Approach

To effectively answer the question about writing a function that checks if a given string is an interleaving of two other strings, follow this structured framework:

1. Understand the Problem: Clearly define what it means for a string to be an interleaving of two other strings.

2. Identify Inputs and Outputs: Specify the strings involved and what the function should return.

3. Choose an Appropriate Algorithm: Consider dynamic programming or recursion to solve the problem.

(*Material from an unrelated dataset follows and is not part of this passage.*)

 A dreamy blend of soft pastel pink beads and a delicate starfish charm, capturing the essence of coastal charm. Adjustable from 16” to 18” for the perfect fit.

4. Implement the Solution: Write the function in a clear and efficient manner.

5. Test the Function: Include test cases to validate the solution.

Key Points

• Definition of Interleaving: A string s3 is an interleaving of s1 and s2 if it can be formed by merging s1 and s2 such that the order of characters in s1 and s2 is preserved.

• Inputs and Outputs: The function should take three strings (s1, s2, and s3) and return a boolean indicating if s3 is an interleaving of s1 and s2.

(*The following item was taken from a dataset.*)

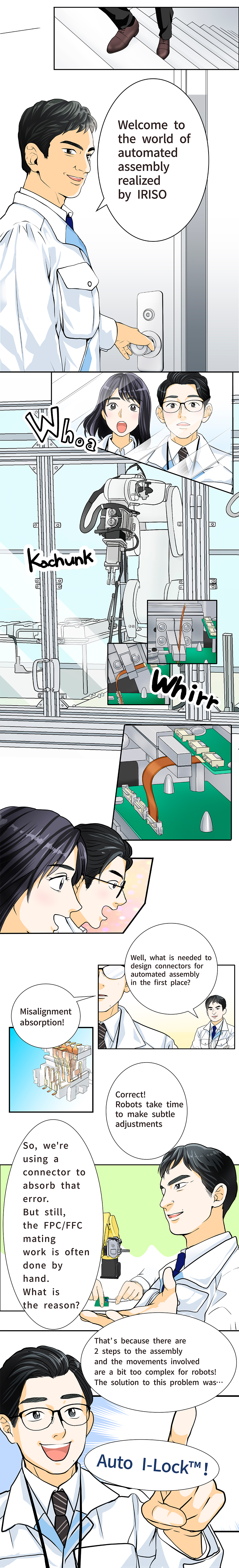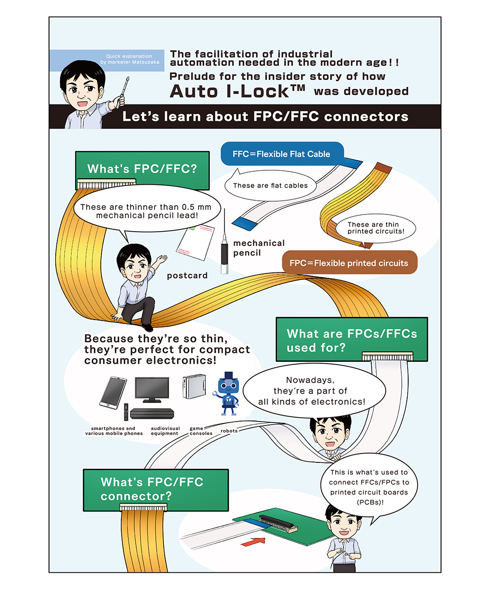 IRISO的FPC/FFC 连接器“Auto I-Lock”是一种在插入 FPC/FFC 卡时自动锁定的结构。无需打开和关闭滑块或盖子,FPC/FFC 卡插入后即可锁定,从而降低倾斜插入或未完全插入的风险,提高工作效率。由于能够确保可靠的插接,即使使用 FPC/FFC 卡也能实现机器人组装。

• Algorithm Choice: Dynamic programming is often preferred for its efficiency, especially for longer strings.

• Edge Cases: Consider cases where lengths of s1, s2, and s3 do not match.

Standard Response

Here’s a sample implementation of a function that checks if s3 is an interleaving of s1 and s2:

def is_interleaving(s1: str, s2: str, s3: str) -> bool:
 # First, check the lengths of the strings
 if len(s1) + len(s2) != len(s3):
 return False
 
 # Create a DP table
 dp = [[False] * (len(s2) + 1) for _ in range(len(s1) + 1)]
 
 # Initialize the DP table
 dp[0][0] = True
 
 # Fill in the first row
 for j in range(1, len(s2) + 1):
 dp[0][j] = dp[0][j - 1] and s2[j - 1] == s3[j - 1]
 
 # Fill in the first column
 for i in range(1, len(s1) + 1):
 dp[i][0] = dp[i - 1][0] and s1[i - 1] == s3[i - 1]
 
 # Fill in the rest of the DP table
 for i in range(1, len(s1) + 1):
 for j in range(1, len(s2) + 1):
 dp[i][j] = (dp[i - 1][j] and s1[i - 1] == s3[i + j - 1]) or \
 (dp[i][j - 1] and s2[j - 1] == s3[i + j - 1])
 
 return dp[len(s1)][len(s2)]

Tips & Variations

Common Mistakes to Avoid

• Ignoring Lengths: Failing to check if the combined lengths of s1 and s2 equal s3 can lead to unnecessary computation.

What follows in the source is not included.